I think I'll run a match with longer time controls to see if that yields different results
Hi Allard,

What GUI did you use to test with fixed nodes? I'm using Arena and it seems not fast enough for me. A game sometimes could last 30 seconds even if I'm using fewer nodes than what you are using. My engine's NPS is slightly lower than yours and my hardware is old.

By the way, have you tried your experiment above with a fixed depth of for example 1? Which is more reliable in your opinion to test the changes in eval, fixed depth or fixed nodes?
Allard Siemelink
Posts: 297
Joined: Fri Jun 30, 2006 9:30 pm
Location: Netherlands

Re: Unified eval tournament?

Post by Allard Siemelink »

Hi Edsel,

Arena is indeed too slow, so I rolled my own.
It is a command line thingy built into Bright itself.
Basically it starts some uci engine and then talks uci
to play games against the hosting bright exe.

I have not tried fixed depth=1 matches, I would think that it is prone to simple tactical traps and unreliable for endgames.
The 4096 nodes still reach depth=4 on average.
If playing fixed node matches, it will actually search deeper during the endgame, like in real games.

Edsel Apostol wrote: Hi Allard,

What GUI did you use to test with fixed nodes?
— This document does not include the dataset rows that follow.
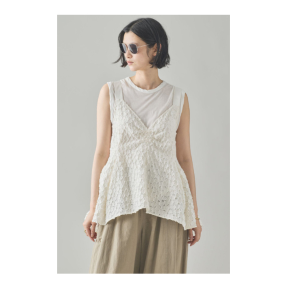 胸元の細かいタックがポイントのキャミブラウス。立体感のあるデザインで、同素材のジャカードバルーンパンツとセットアップで着用可能。単品で着用する場合はデニムなどのカジュアルなボトムとのコーディネートもおすすめ。
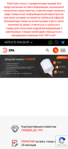 | AI-анализ | --- The web project "Электротехническая продукция ЭРА по оптовым ценам" is a Belarusian e-commerce website selling LED lighting and electrical products for both residential and industrial use. The website is operated by OOO МП-снаб, an official supplier of ERA brand products in Belarus. The site provides information on various technical specifications, product configurations, and visuals, but this information is for informational purposes only and does not constitute a public offer. The actual appearance of the products may differ from the illustrations and photos on the site. Interested buyers should contact the company for detailed product information. The website features a catalog section for lighting and electrical products, as well as sections for home, office, and industrial products. The company also offers certificates, information on the company, and an opportunity to become a dealer in Belarus. |
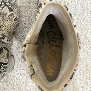 Sam Edelman Snakeskin Block Heel Ankle Boots 9.5 Pointed Toe Chic Fall
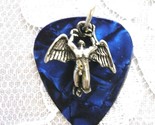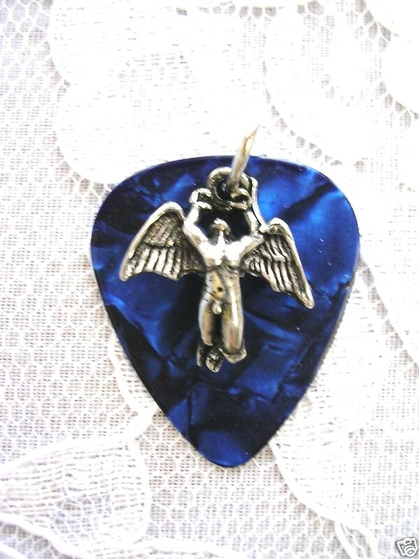 NEW DEEP BLUE CELLULOID GUITAR PICK WITH A USA HAND CAST PEWTER CELTIC LED ZEPPELIN SWAN SONG ANGEL ICARUS CHARM DOUBLE PENDANT NECKLACE
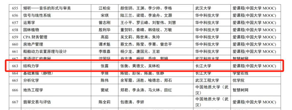 (通讯员 余韬)近日,教育部公示了第三批国家级一流本科课程认定结果,我院取得新突破!由张露老师担任课程负责人,张衡、黄德文、吴林松老师为团队成员的《结构力学》喜获线上一流本科课程认定。 截至目前,我院共获批1门国家级一流本科课程、7门省级一流本科课程,实现了线上课程、线下课程、混合式课程、虚拟仿真课程、社会实践课程五类“金课”的全覆盖,一流课程总数位居全校各学院前列。 课程是人才培养的核心要素,课程质量直接决定人才培养质量。学院一直以来高度重视课程建设,将课程建设作为提高人才培养质量的重要抓手,近年来,持续加大一流课程建设投入,不断完善课程建设管理、评价和激励机制,形成了“国家级、省级、校级”三级梯度一流课程建设体系,积极引导广大教师围绕教学内容、教学模式、教学方法等方面开展课程改革与创新。下一步,学院将进一步发挥一流课程的示范引领作用,持续推进课程改革,全面提升课程建设水平与人才培养质量。 (审核 朱国庆 编辑 杨洁晶)
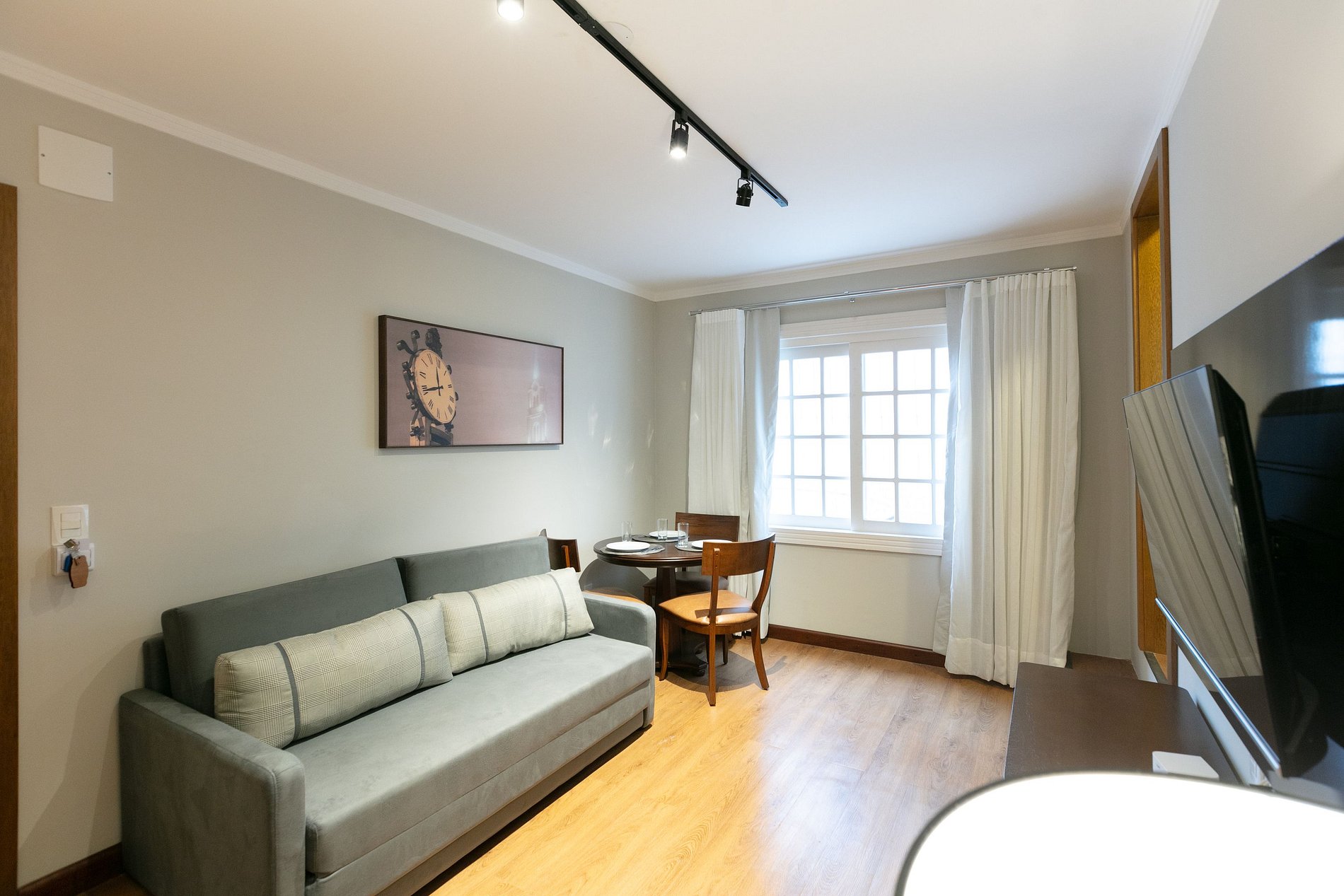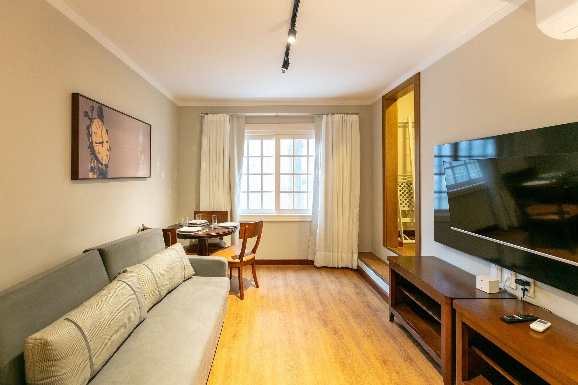 Espaço: Sala de estar arejada e bem iluminada, com sofá confortável e TV de tela plana, ideal para relaxar após um dia explorando a cidade.
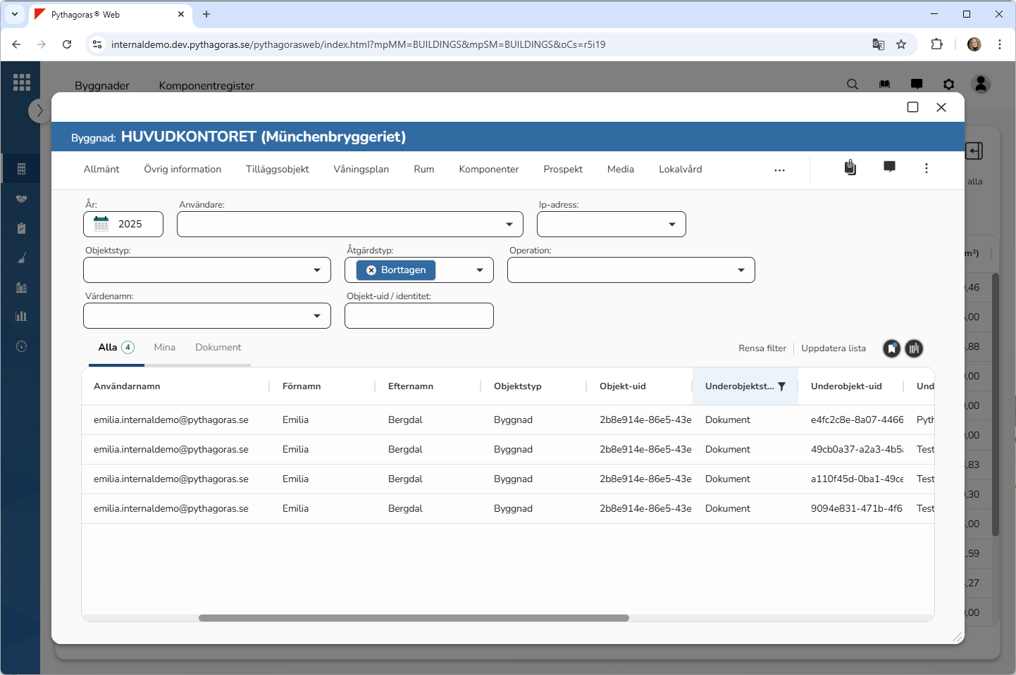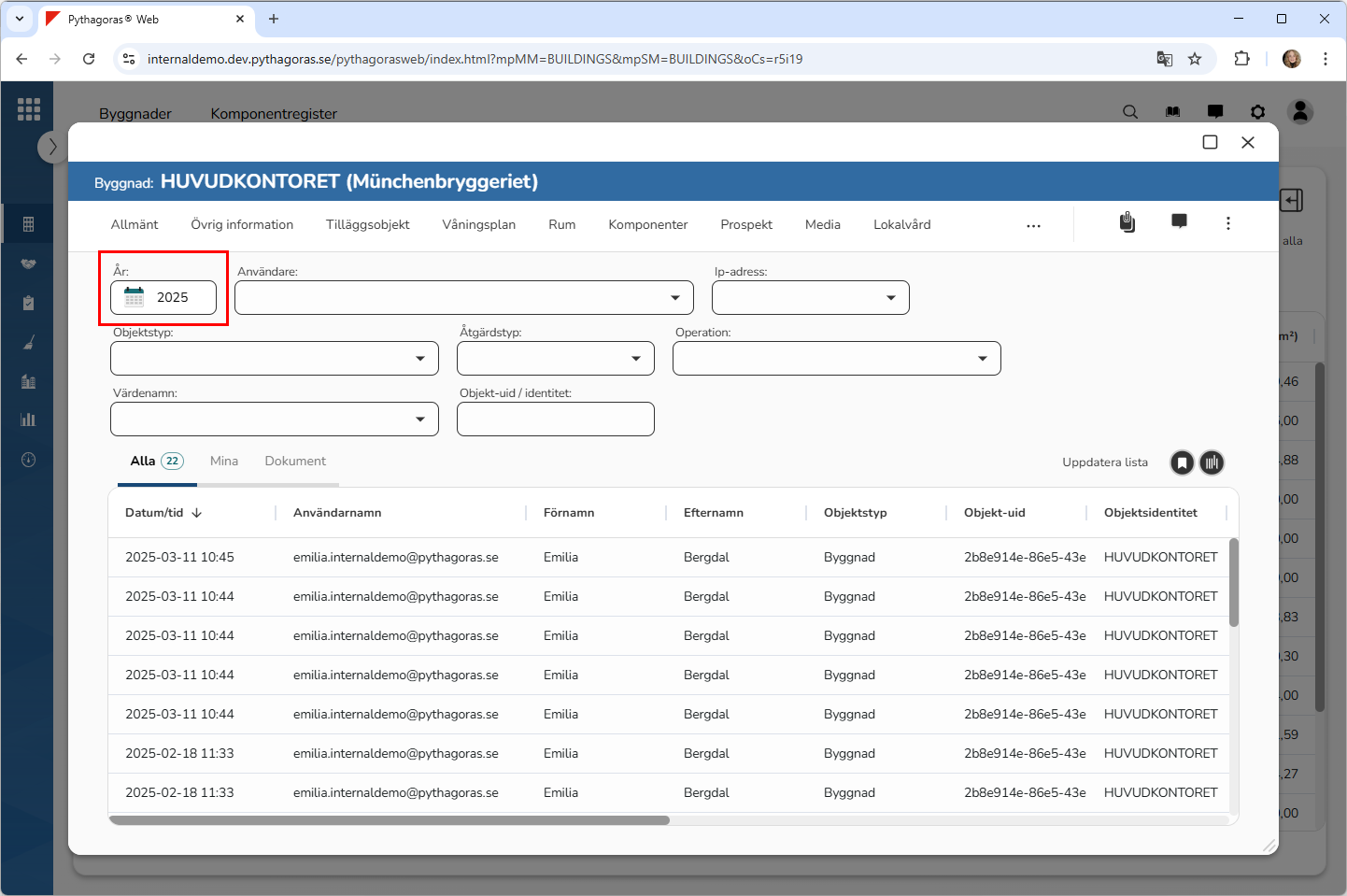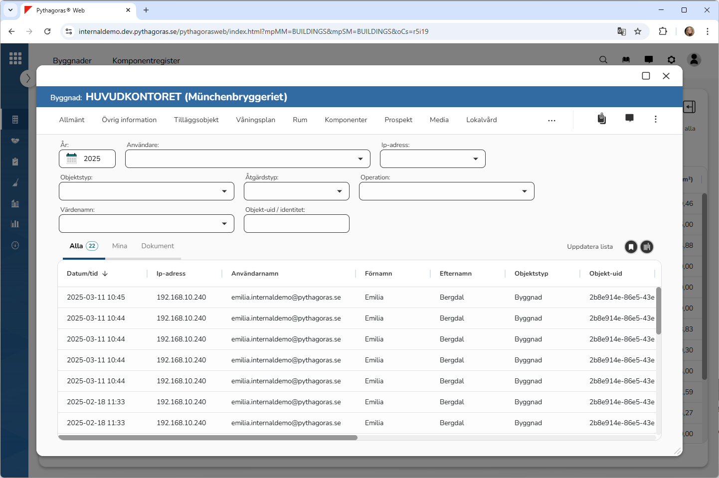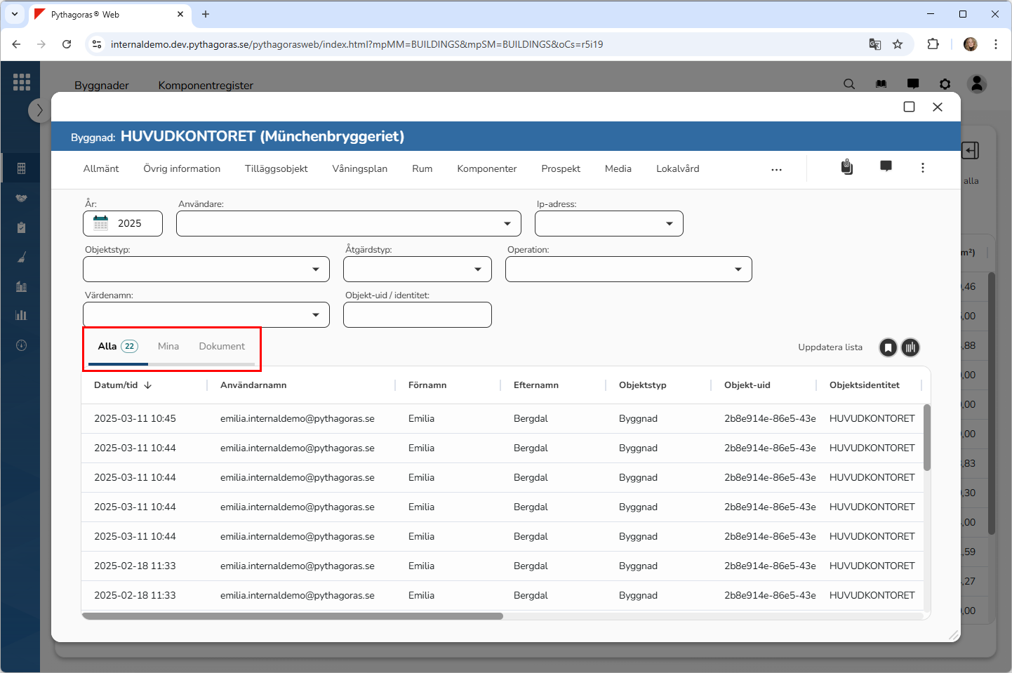 Öppna aktivitetsloggen för en byggnad. För mer information om hur du öppnar aktivitetsloggen för en byggnad, se avsnitt 8.15.1.
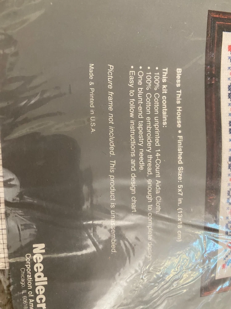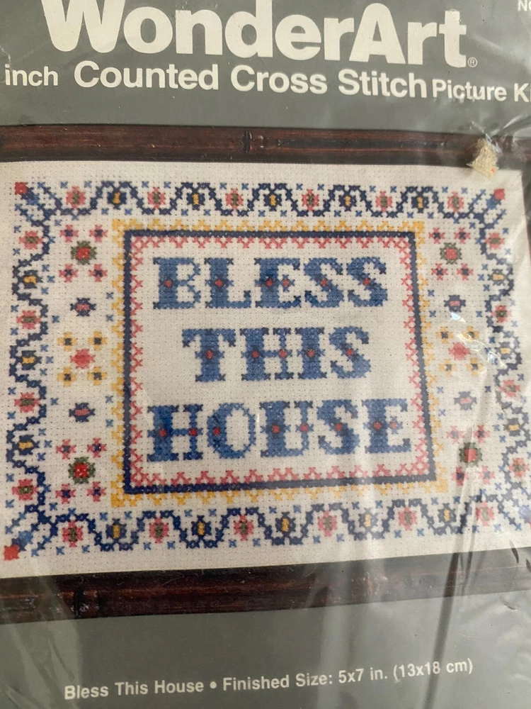 Wonder Art Counted Cross Stitch Kit #5519 Bless this House Made in USA 5x7” Vtg.
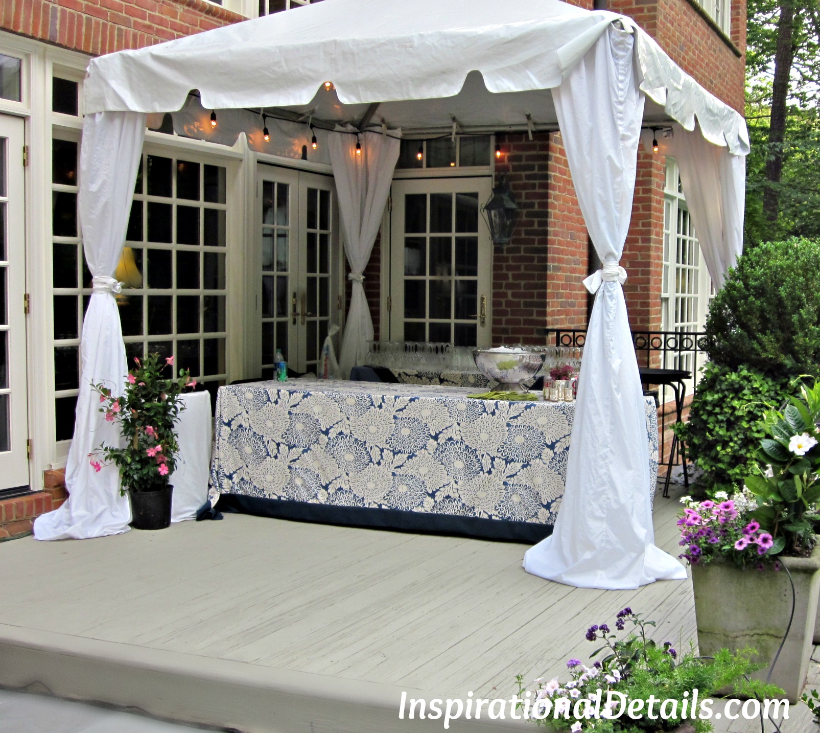The party took place in the home’s backyard. An elegant tent was rented for the dinner portion of the evening, while cocktails were served outside the tent on the patio.
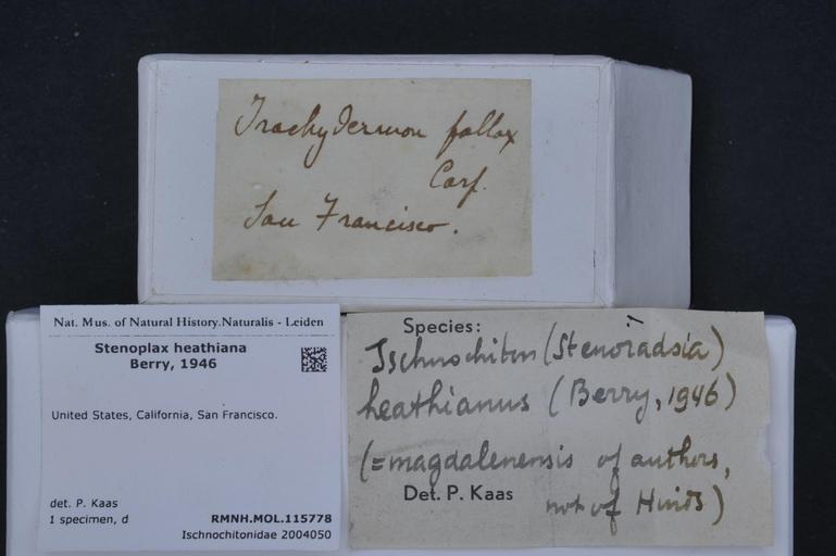 | Keywords: Naturalis Biodiversity Center - RMNH.MOL.115778 1 - Stenoplax heathiana Berry, 1946 - Ischnochitonidae - Mollusc shell.jpeg artwork Dimensions artwork Document type Ischnochitonidae subfamily Ischnochitoninae Stenoplax Kaas P Individual count Infraspecific epithet Infraspecific rank Institution Naturalis Kind of unit artwork Kind of unit specimen shell Life stage United States California San Francisco Medium artwork Nomenclatural code Source institute Leiden Scale the width of the text on the species/QR-code label is 38 mm Occurrence ID page Other fields Other versions artwork Permission license Naturalis donation CC-0 Mollusca Publication location Scientific name Stenoplax heathiana Berry 1946 Scientific name authorship Berry 1946 Source url http //bioportal naturalis nl Specific epithet heathiana State or province California Subject keywords artwork Subject keywords publication Title artwork Title publication Type status - Uploaded with GWToolset Naturalis_Biodiversity_Center_-_RMNH MOL 115778_1_-_Stenoplax_heathiana_Berry _1946_-_Ischnochitonidae_-_Mollusc_shell http //medialib naturalis nl/file/id/RMNH MOL 115778_1/format/large Molluscs at Naturalis from the Rijksmuseum van Natuurlijke Historie Media donated by Naturalis Biodiversity Center Stenoplax Stenoplax heathiana |
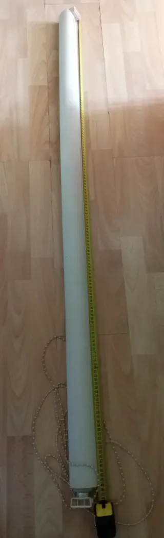 Estor de color beige con una longitud de 1,50 metros. Incluye cadena para su manejo. - Medida: 1,50 metros de largo. - Color: Beige. - Mecanismo de cadena. - Solo es el estor. No incluye los anclajes del mismo a l pared.
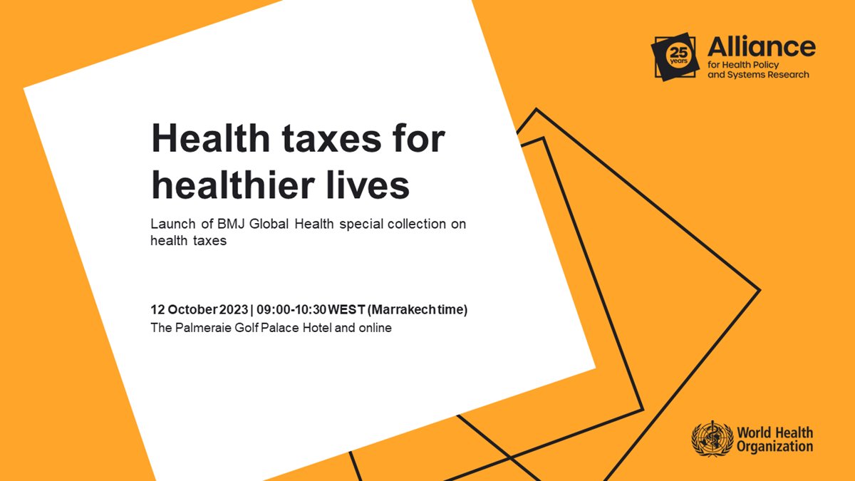 BMJ Global Health ha publicado una serie de artículos de investigación sobre los impuestos sanitarios en el número de octubre de 2023 titulado WHO: Health Taxes apoyado por la Alianza para la Investigación en Políticas y Sistemas de Salud en colaboración con los Departamentos de la OMS y el Grupo de Trabajo Interinstitucional sobre Impuestos Sanitarios.
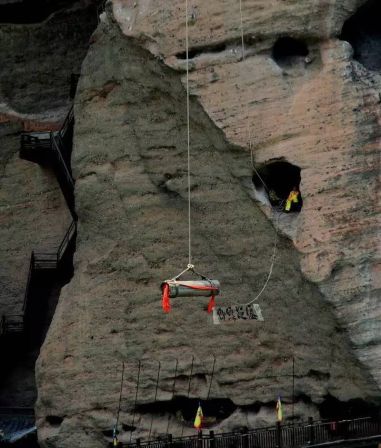 由于龍虎山崖墓下臨深淵,地處絕壁,懸棺是怎樣安放上去的,千百年來(lái)一直都是個(gè)謎,龍虎山崖墓也因此蒙上了一層神秘的色彩,產(chǎn)生了種種神話傳說(shuō):有人說(shuō)這洞里的東西,是神仙用金絲線吊上去的;也有的說(shuō)這洞里裝的是無(wú)字天書、金銀財(cái)寶。
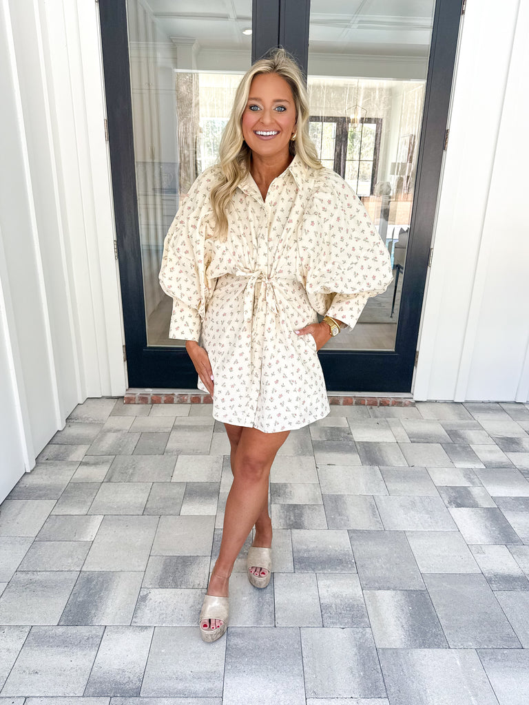 - This floral shirt dress features a voluminous puff 3/4 sleeve design that adds a sophisticated silhouette. Detailed with buttons and a front tie, it offers adjustable styling and a polished finish. The classic collar enhances its tailored look, making it a versatile piece for both professional and casual settings!
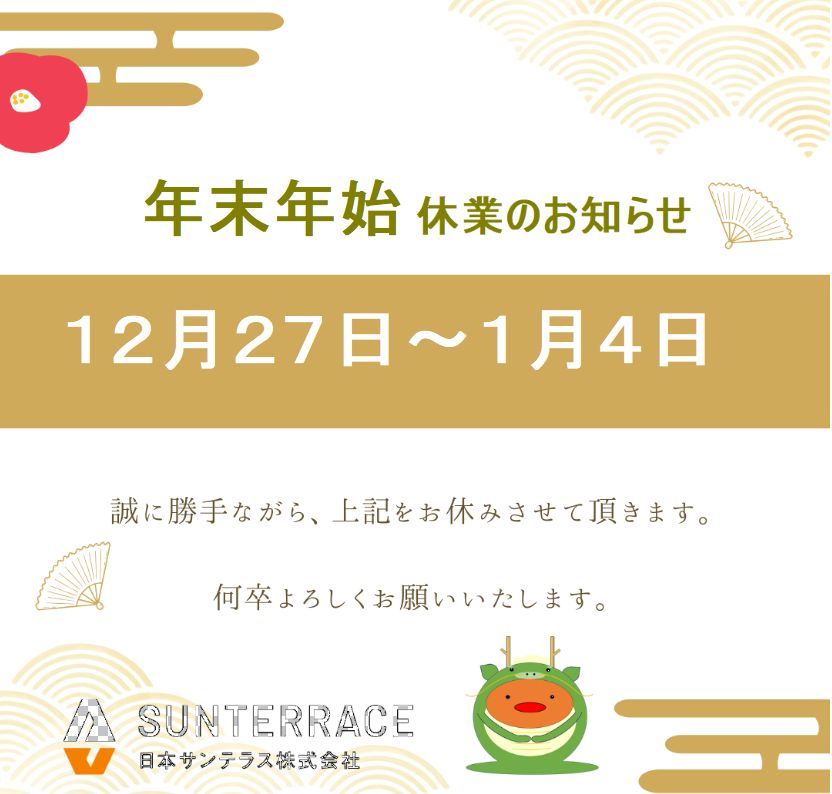 休業中のお問い合わせにつきましては営業日の2026年1月5日(月)より順次ご対応とさせていただきますので、ご理解・ご了承のほどお願い申し上げます。

I'm using Arena and it seems not fast enough for me. A game sometimes could last 30 seconds even if I'm using fewer nodes than what you are using. My engine's NPS is slightly lower than yours and my hardware is old.

By the way, have you tried your experiment above with a fixed depth of for example 1? Which is more reliable in your opinion to test the changes in eval, fixed depth or fixed nodes?